=== ABOUT THIS EXERCISE ===
Starting at the line below with "After the cold" and stopping at the line with "BG NEXUS DOUBLE", please print each line exactly, those two included, and skip every picture.

=== DATA RECORDS ===
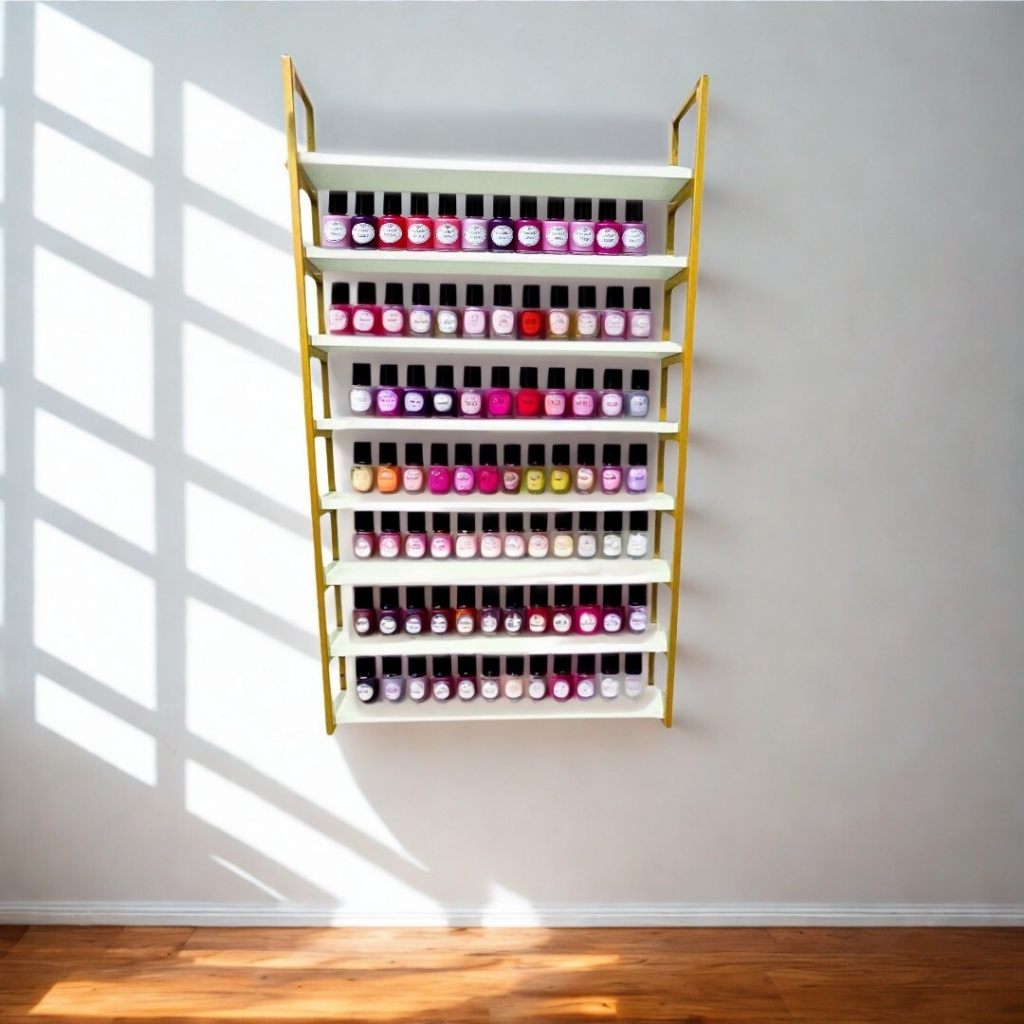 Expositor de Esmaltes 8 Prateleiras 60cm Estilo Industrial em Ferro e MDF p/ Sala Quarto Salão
==
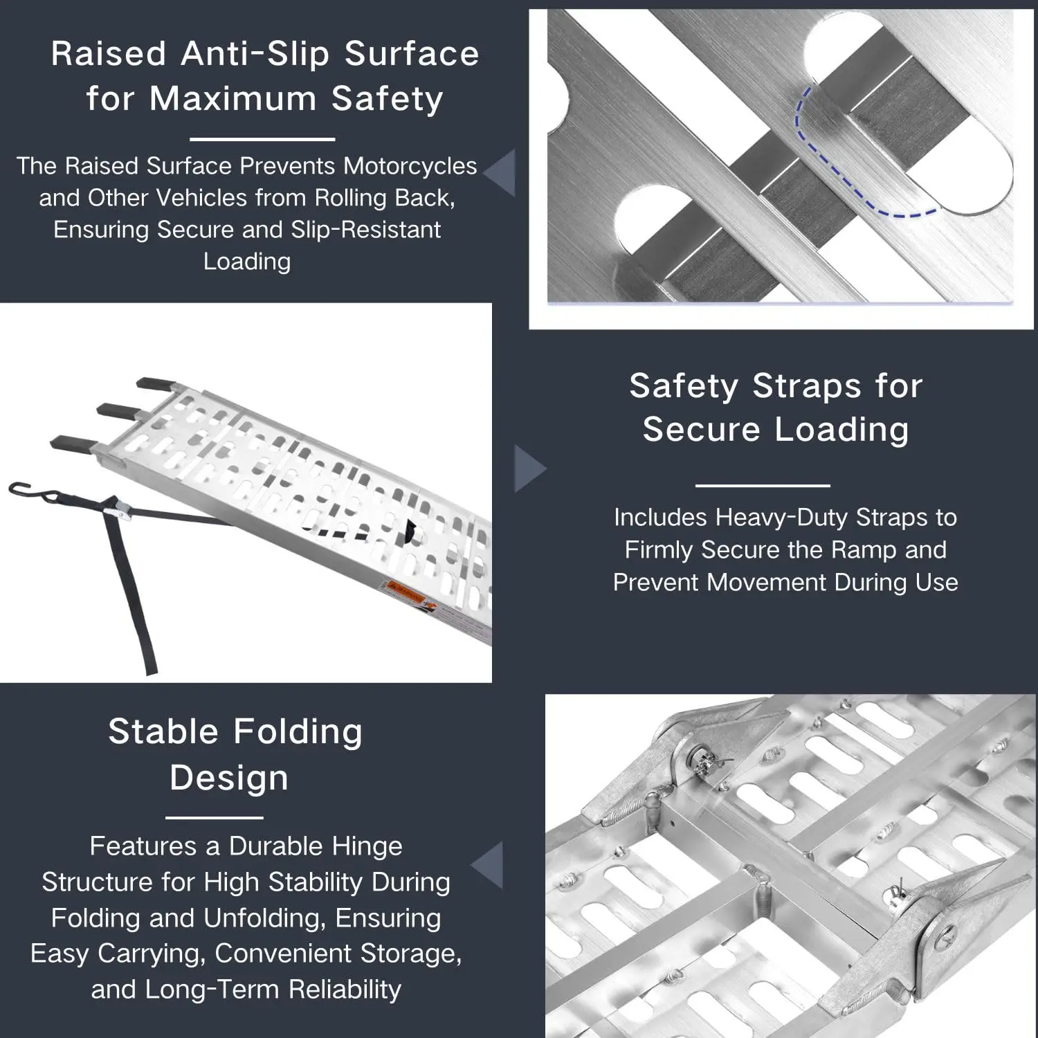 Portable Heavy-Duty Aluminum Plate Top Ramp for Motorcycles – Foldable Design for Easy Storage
==
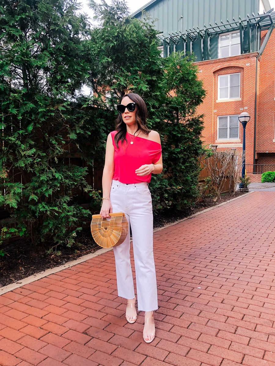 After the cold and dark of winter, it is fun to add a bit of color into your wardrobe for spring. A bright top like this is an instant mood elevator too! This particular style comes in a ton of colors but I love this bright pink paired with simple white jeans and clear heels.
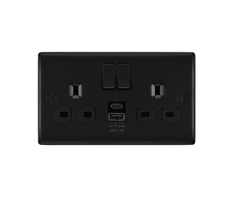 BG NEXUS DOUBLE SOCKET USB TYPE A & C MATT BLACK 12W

=== COMPLETED EXERCISE ===
 After the cold and dark of winter, it is fun to add a bit of color into your wardrobe for spring. A bright top like this is an instant mood elevator too! This particular style comes in a ton of colors but I love this bright pink paired with simple white jeans and clear heels.
 BG NEXUS DOUBLE SOCKET USB TYPE A & C MATT BLACK 12W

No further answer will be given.